Welcome back to class! Today, we took a significant leap in our Algebra unit. We have officially moved away from working strictly with numbers (like $2^3$) and added variables (like $x^3$ and $y^5$) into the mix. While seeing letters in math problems can sometimes look intimidating, remember the golden rule: the laws of exponents never change.
Whether the base is a $5$ or an $x$, the logic remains exactly the same. Below is a recap of the key concepts from today's lecture notes and a guide to help you crush the homework.
Key Exponent Rules for Variable Expressions
As we saw in the class notes, simplifying expressions often involves using more than one rule in a single problem. Here is your cheat sheet:
- The Product Rule: When multiplying terms with the same base, keep the base and add the exponents.
$$x^a \cdot x^b = x^{a+b}$$ - The Quotient Rule: When dividing terms with the same base, keep the base and subtract the exponents.
$$\frac{x^a}{x^b} = x^{a-b}$$ - Power to a Power: When raising a power to another power, multiply the exponents.
$$(x^a)^b = x^{a \cdot b}$$ - Power of a Product: Distribute the exponent to every factor inside the parentheses (including the coefficient!).
$$(2x^3)^5 = 2^5 \cdot x^{15} = 32x^{15}$$
Handling Negative Exponents
A major focus of today's lesson (and the homework) is dealing with negative exponents. Remember that a negative exponent indicates a reciprocal. You can think of it as a ticket to cross the fraction bar.
If you have $x^{-3}$ in the numerator, move it to the denominator to make it positive. If you have a negative exponent in the denominator, move it up to the numerator.
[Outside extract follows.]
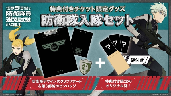 加えて本イベントでは通常チケットに加えて「特典付きチケット」の販売も決定! 「特典付きチケット」を購入すると、限定グッズ「防衛隊入隊セット」として防衛隊デザインのクリップボード&第3部隊のピンバッジと特典付き限定のオリジナル謎が付属します。防衛隊への入隊を目指す士気もより一層上がる本アイテムはファン必携。

Example from class: $$\frac{x^{-1}y}{xy^{-2}}$$
To simplify this, we move the $x^{-1}$ down and the $y^{-2}$ up:
$$\frac{y \cdot y^2}{x \cdot x} = \frac{y^3}{x^2}$$Homework Assignment
Your homework is to complete Algebra 1 Unit 7 Exponent Rules Worksheet #2. There are 40 practice problems plus a bonus question.
Important Requirements:
- Show Your Work: As stated on the worksheet, you must show your steps to receive credit. Don't just write the answer!
- No Negative Exponents: Your final answer must contain only positive exponents.
Take your time, especially with the problems that have both coefficients and multiple variables (like #21 and #40). Download the notes if you need a refresher on the steps we took in class. Good luck!